--- Data extracts Enclosed Below ---

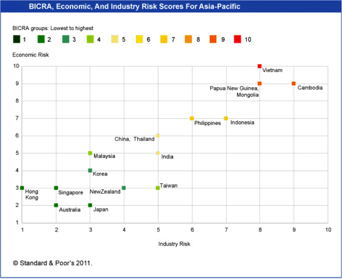 Given China’s sizeable economy and connections within Asia-Pacific and the world, its performance is one of the key credit sensitivities for many banks in the region and could generate ripple effects globally. While we assigned a BICRA score of '5' to China, which is slightly higher than the average score for Asia-Pacific, we recognize the “high risk” of economic imbalance in China, as well as its high credit risk. Significant adverse economic developments in China are likely to generate much bigger shocks than most other Asia-Pacific economies. Such a negative impact would be felt by economies that supply raw materials or semi-finished goods to Chinese industries.
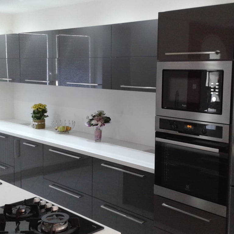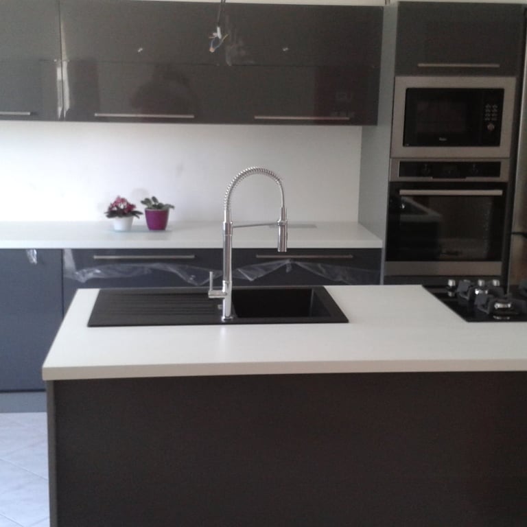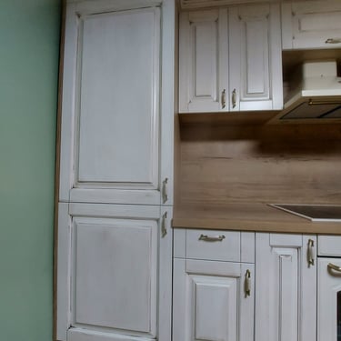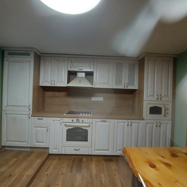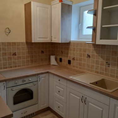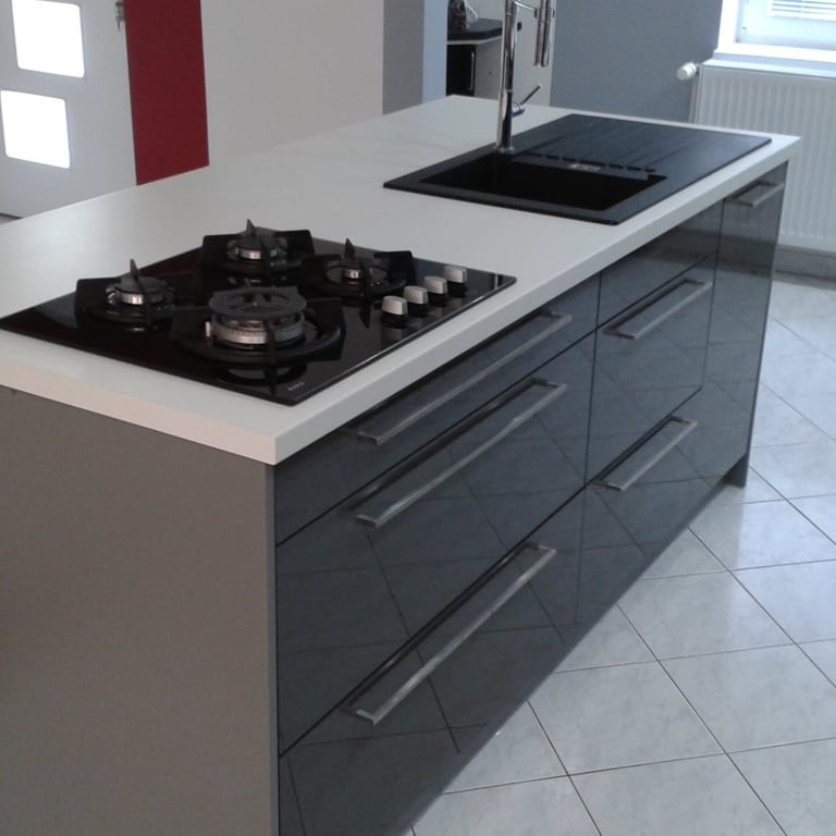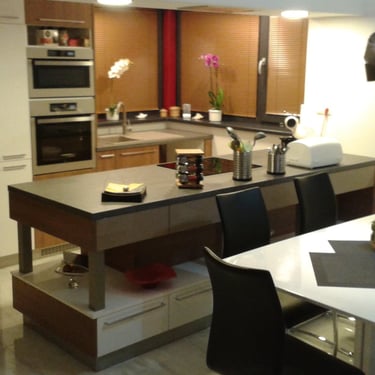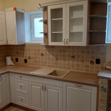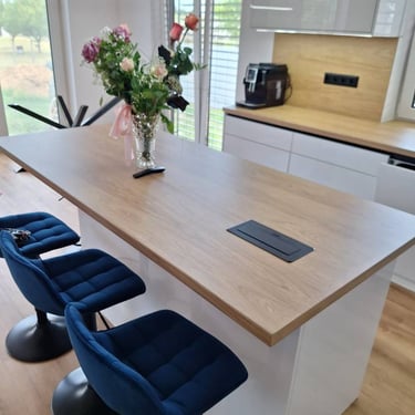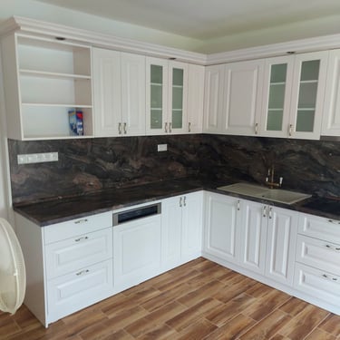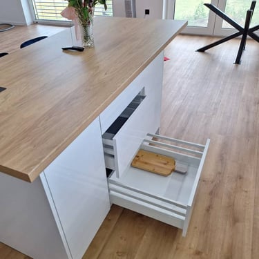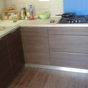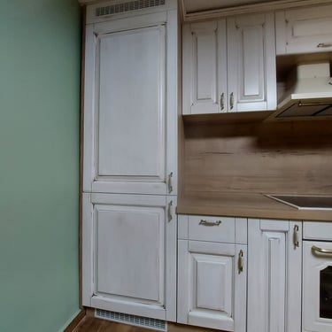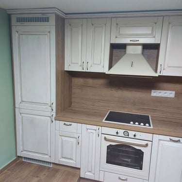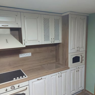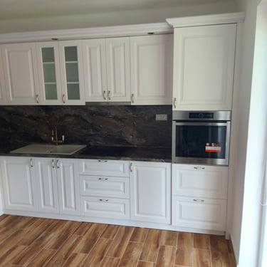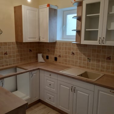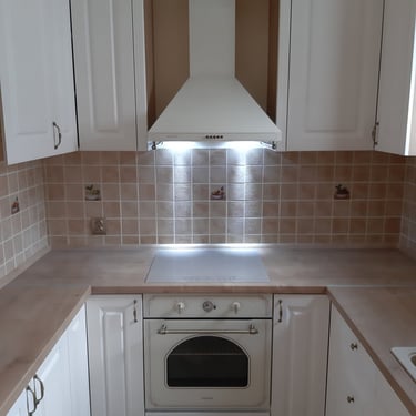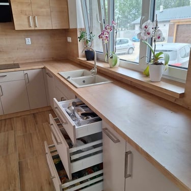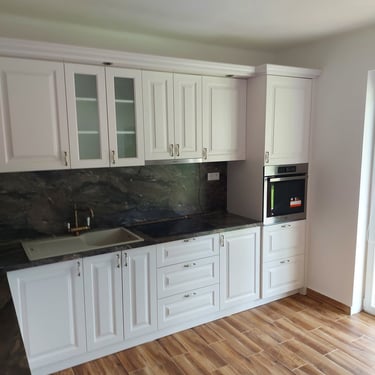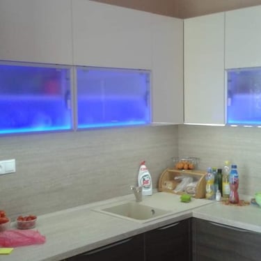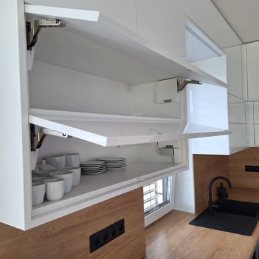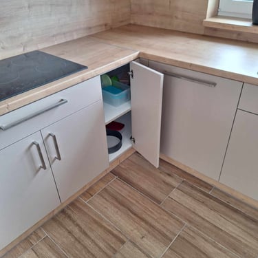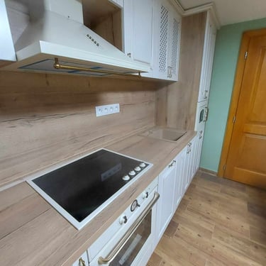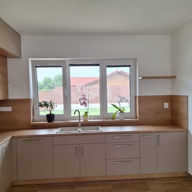 Barna-fehér kontrasztos konyha beépített Led világítással
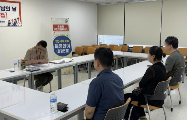 구인기업에서는 현장면접에 앞서, 면접 참여자들을 대상으로 근무 내용, 조건, 급여 등과 관련한 채용 설명회를 통해 기업에 대한 구직자들의 이해를 돕고 이날 채용 담당자와 구직자들이 단체 면접을 진행했다.
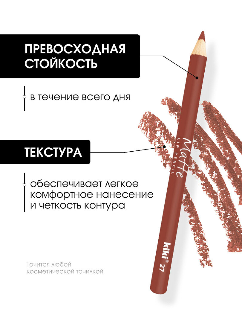 Карандаш для губ kiki MATTE, тон 27 бежевый, водостойкий косметический, лайнер, матовый насыщенный цвет, lip pencil
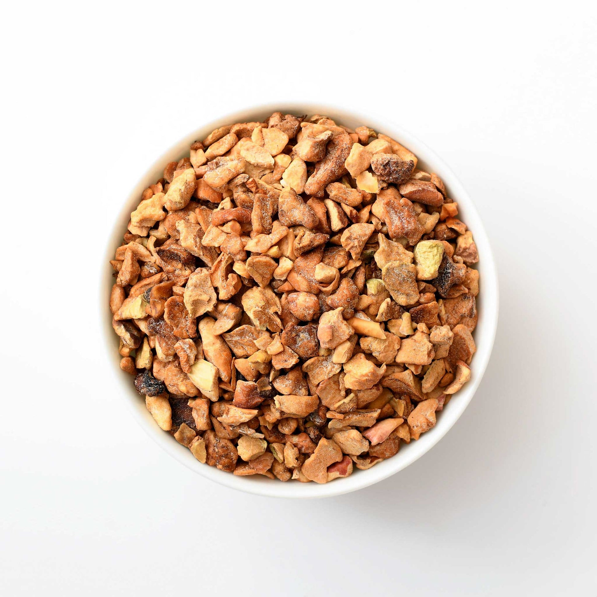 Apfelstücke (geröstet) (98%), Aroma, Acerolafruchtpulver (Saccharose, Ascorbinsäure, Maltodextrin, Acerlora-Saftkonzentrat, Siliciumdioxid)
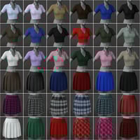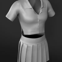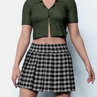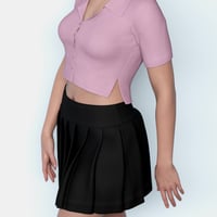 Fill your Genesis 9 wardrobe with this set of casual clothing including a buttoned crop shirt and a pleated skirt. All items are meant to be used with dForce simulation.
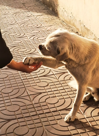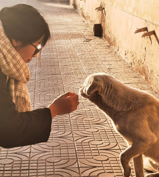 宿舍楼下 邂逅阳光 和主动握手的小狗
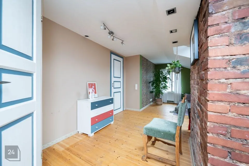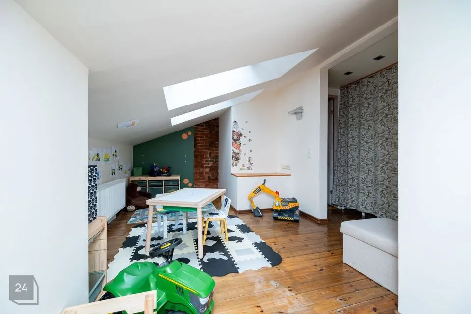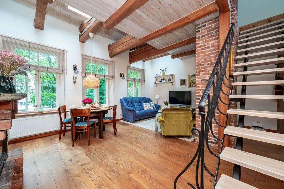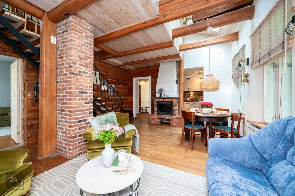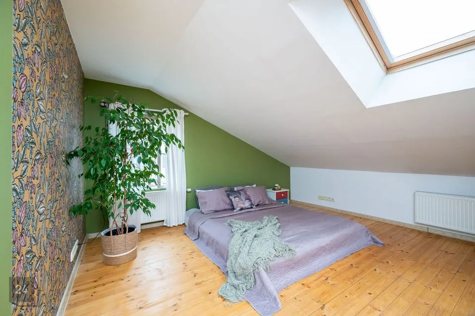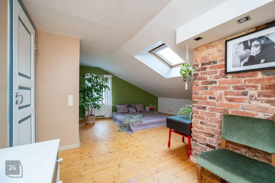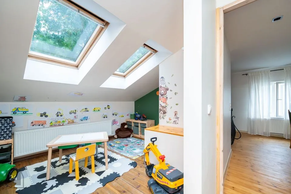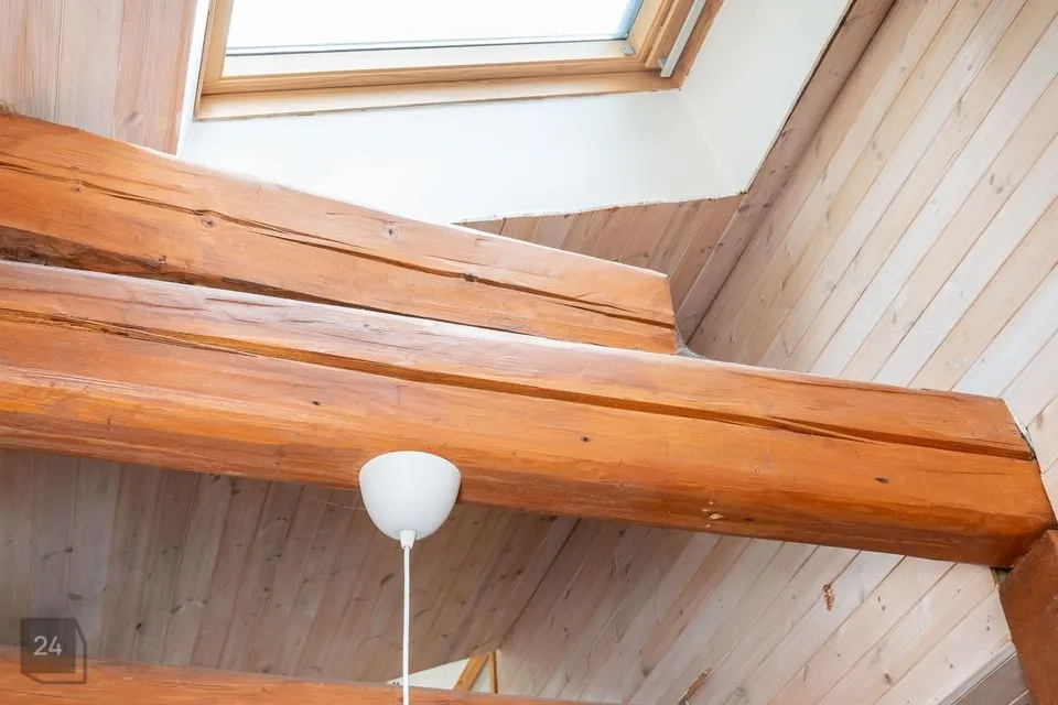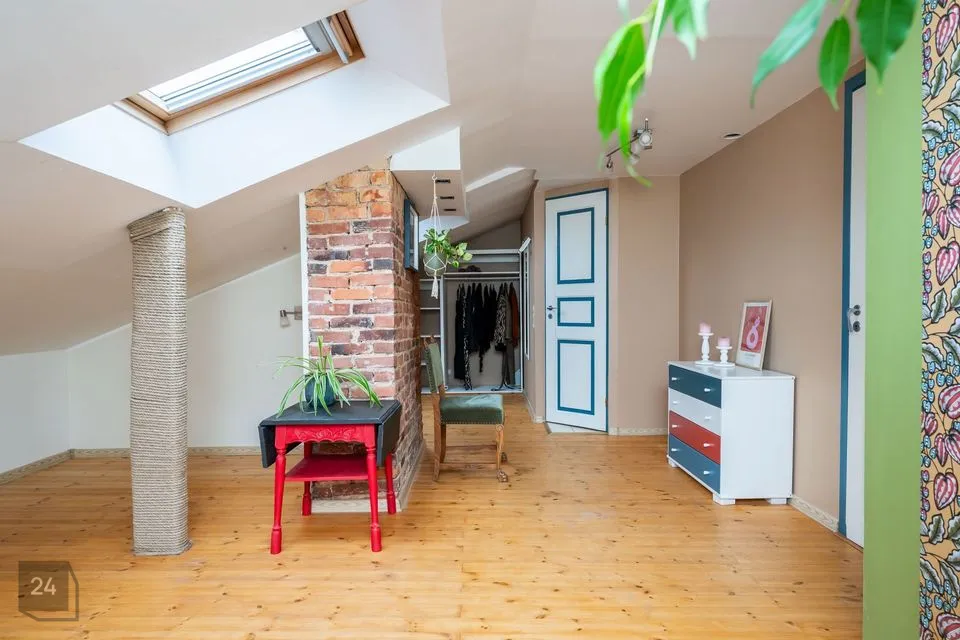 Iseloomu ja avarust lisavad korterile puittalad ja katuseaknad. Põrandaid katab puitlaud, mis on jala all väga soe ja pehme.

--- End of Enclosed Data extracts ---

§ **Task objective**
Starting at the line that contains "宿舍楼下 邂逅阳光 和主动握手的小狗", please write out each line through the last line of the data, both ends included, and keep pictures out of the copy.

§ **Result for this exercise**
 宿舍楼下 邂逅阳光 和主动握手的小狗
 Iseloomu ja avarust lisavad korterile puittalad ja katuseaknad. Põrandaid katab puitlaud, mis on jala all väga soe ja pehme.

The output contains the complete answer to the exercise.